Taking Reddit, they’ve initially ran as an extremely lean company and were able to make their initial $100k in funding from Y Combinator last a whopping 9 years from 2005 to 2014. Next funding round gets them $50M… and the first things they do with it? acquire a chunk of imgur and the entirety of Alien Blue, then get a scapegoat CEO to make unpopular changes. They would then later use another funding round to buy and snuff out Dubsmash.

During that time, Twitter was much worse and did the same with Tweetie, Tweetdeck, Bagcheck, Summify, Posterous, Vine, SnappyTV, Twitpic(in a particularly hostile fashion), Periscope, Highly, Squad, Breaker, Revue, Sphere and Threader.

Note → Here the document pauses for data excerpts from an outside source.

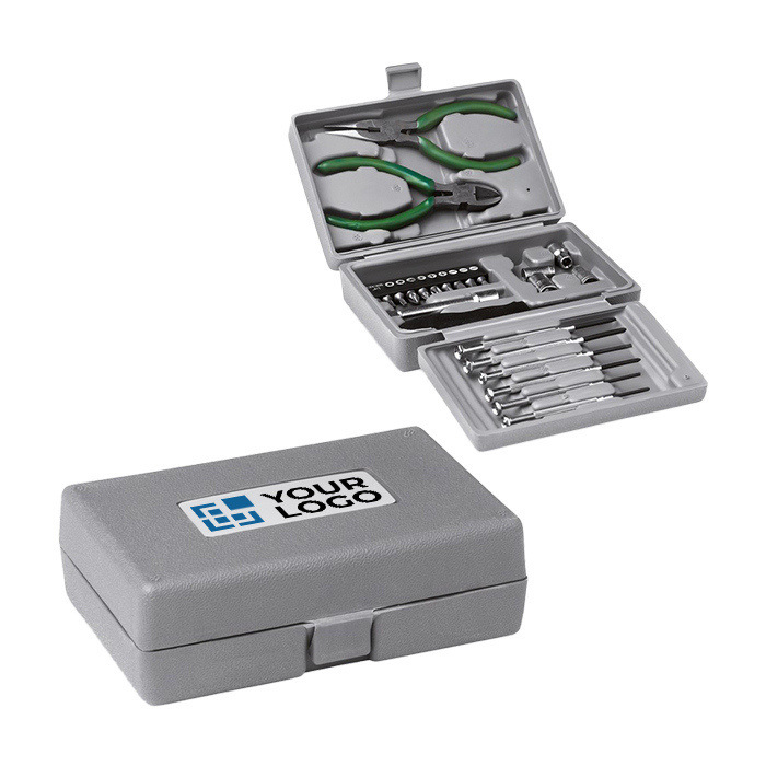 Set de herramientas de 25 piezas fabricado en plástico resistente. Incluye pinzas, seis destornilladores, alicates y alicates de punta fina, además de un adaptador y diez cabezas de destornillador. Cuatro compartimentos vacíos permiten personalizar el contenido según las necesidades. Todo se presenta en una caja de plástico compacta y duradera, ideal para mantener el orden y facilitar el transporte. El servicio Express asegura una entrega rápida y eficiente. Perfecto para personalizar con el logo de la empresa, este set es ideal para eventos corporativos o como herramienta promocional en campañas de marketing.
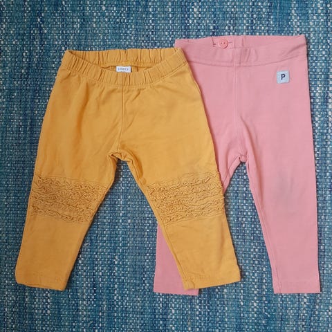Pop Lindex 80 housut legginsit leggarit pinkki keltainen frilla
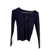 Navy ribbed three-button long-sleeved t-shirt

IMO larger actors will feel some crunch, but they can achieve enough revenue to survive the meltdown and the only hope of stopping them is a large scale government-mandated breakup that is unlikely to happen because the largest ones are now starting attempts at buying out governments with the intention of making competition too difficult or even outright illegal.

This already happened with other fields, such as software copyright. DMCA Section 1201 makes another IBM PC-compatible watershed moment impossible and trusted computing is being used to stifle other competition avenues. Patents have completely locked out 5G communications. Electronic circuits have a significant regulatory overhead cost with EMC testing mandates. The most recent attempt in this trend is in AI regulatory capture.

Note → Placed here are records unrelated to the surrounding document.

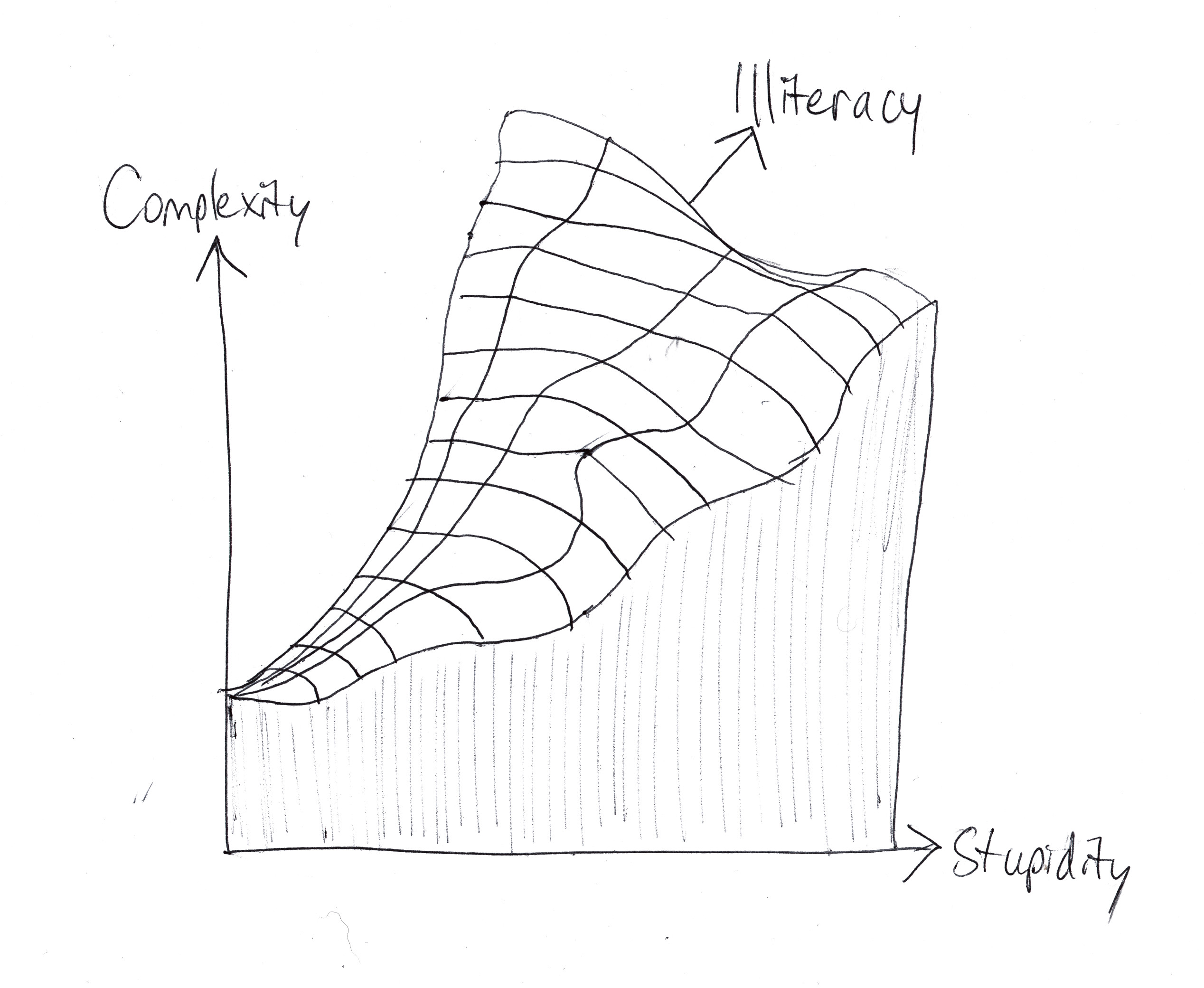 In a stunning revelation by Erogan Stink Software Lab this week, technologists showed that, contrary to longstanding theories, complexity does not induce glazed-over eyes and feelings of helplessness. Quite the contrary: stupidity and illiteracy lead straight to complexity.
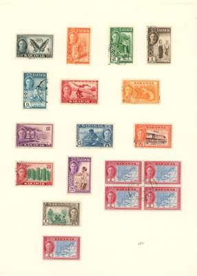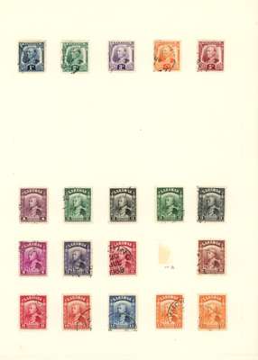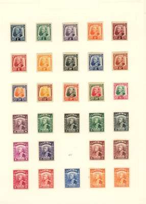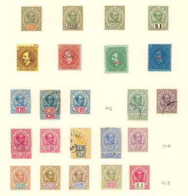 1869-1952 collection (270) on leaves, mixed mint and used. Some reasonable earlies, 1888 set less 3c mint, some toning and fading but still a fair set; 1889 2c on 8c double surcharge, dried o.g., slight foxing; 1899 less 3c o.g.; 1928 set unmounted o.g.; 1932 set o.g.; 1948 Centenary set on cover, and the 8c, 50c and $1 in unmounted o.g. proof blocks of four, Wedding unmounted and 1950 set large part o.g.
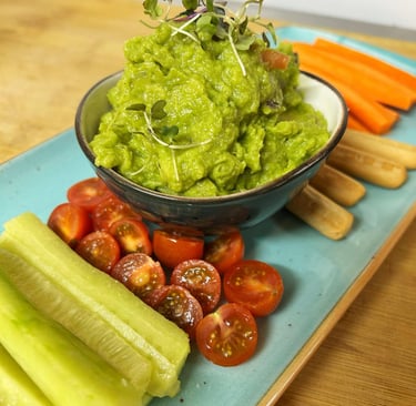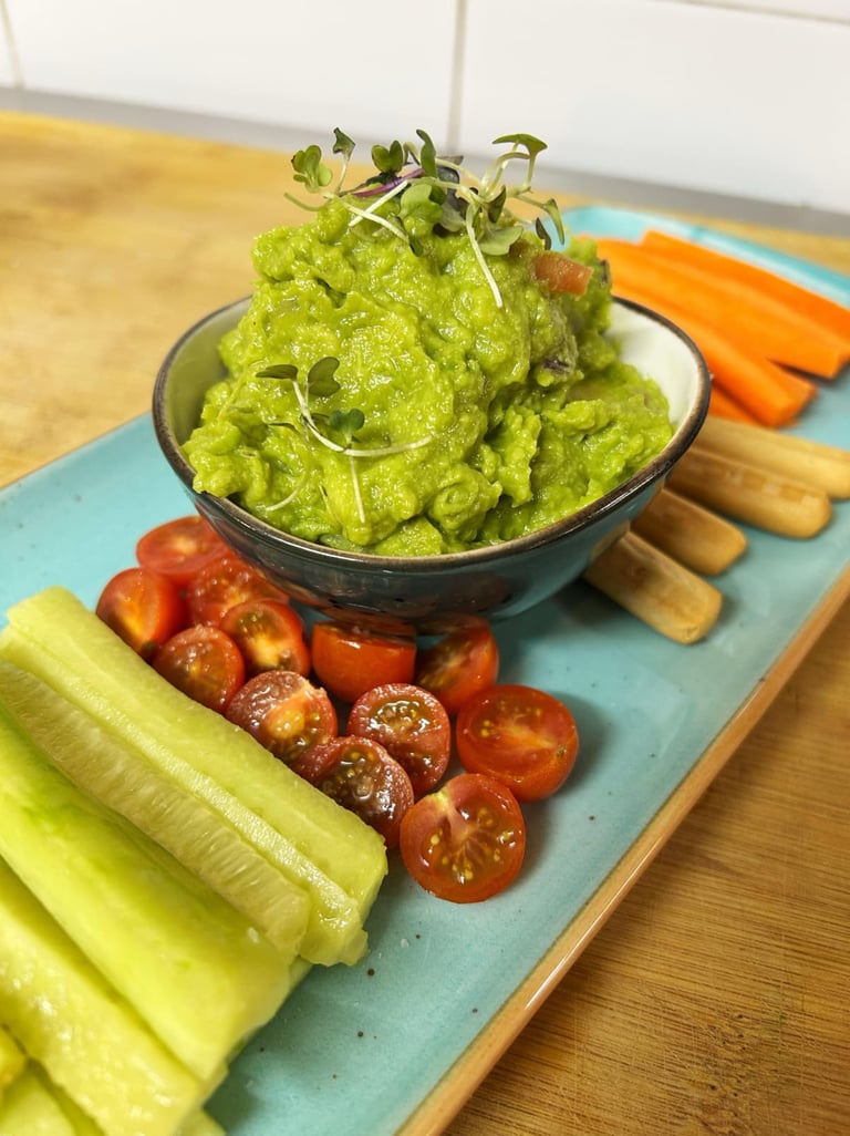 Dip de guacamole casero, zanahoria, cherrys y pepino.
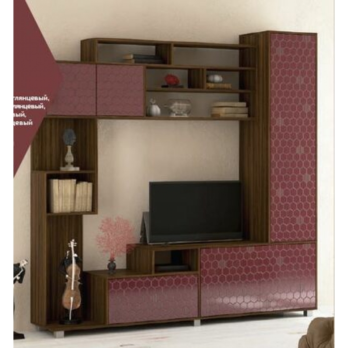 Гостиная Шарм 2,0 (Дуб Бурбон/Бордо глянцевый) 2000х2000х430 (4 места)
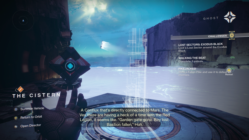 Ghost: "A Conflux that's directly connected to Mars. The Vex there are having a heck of a time with the Red Legion, it seems like: 'Garden Gate gone. Bay lost. Bastion fallen.' Huh."
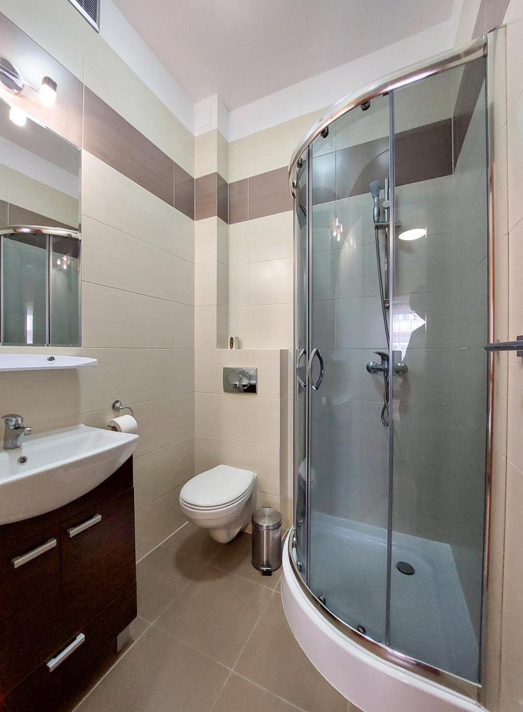 Pokój Dwuosobowy typu Budget. The double room features a wardrobe and an electric kettle, as well as a private bathroom boasting a shower. This double room offers parquet floors and a flat-screen TV. The unit has 1 bed. Pokój Dwuosobowy - 2 osobowy. Powierzchnia pokoju ok.: 12 mkw. ;
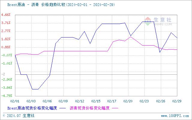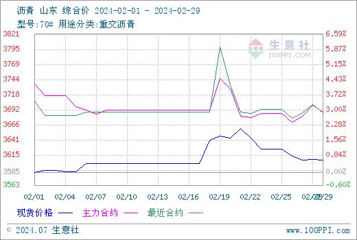 据生意社商品行情分析系统,2月国内沥青市场行情窄幅波动。2月1日至29日,山东地区沥青生产者均价自3585元/吨上涨至3606元/吨,涨幅0.60%,价格同比下跌7.31%。

So far the main holdout left is the EU. Buying out representatives there has mostly failed so far, but led to a pivot where attempts are being made to break it apart by influencing voters (see Cambridge Analytica and Brexit) and promoting puppet candidates. If the EU fails at defending itself from this, there isn’t much that can be done as technology has evolved to the point civil wars no longer have a chance to be successful without major involvement from other states.

Small-scale independent hosting is probably the best way around feeding such actors on the internet, but is being prepared against by slowing down IPv6 adoption to use CGNAT as an excuse to limit self-hosting, with law proposals undermining encryption and reducing privacy from governments being made as a backup plan. This will require some reduction in capabilities as bandwidth and storage remain expensive for individuals, but i don’t think this reduction will remain forever since these limitations also included compute in the past.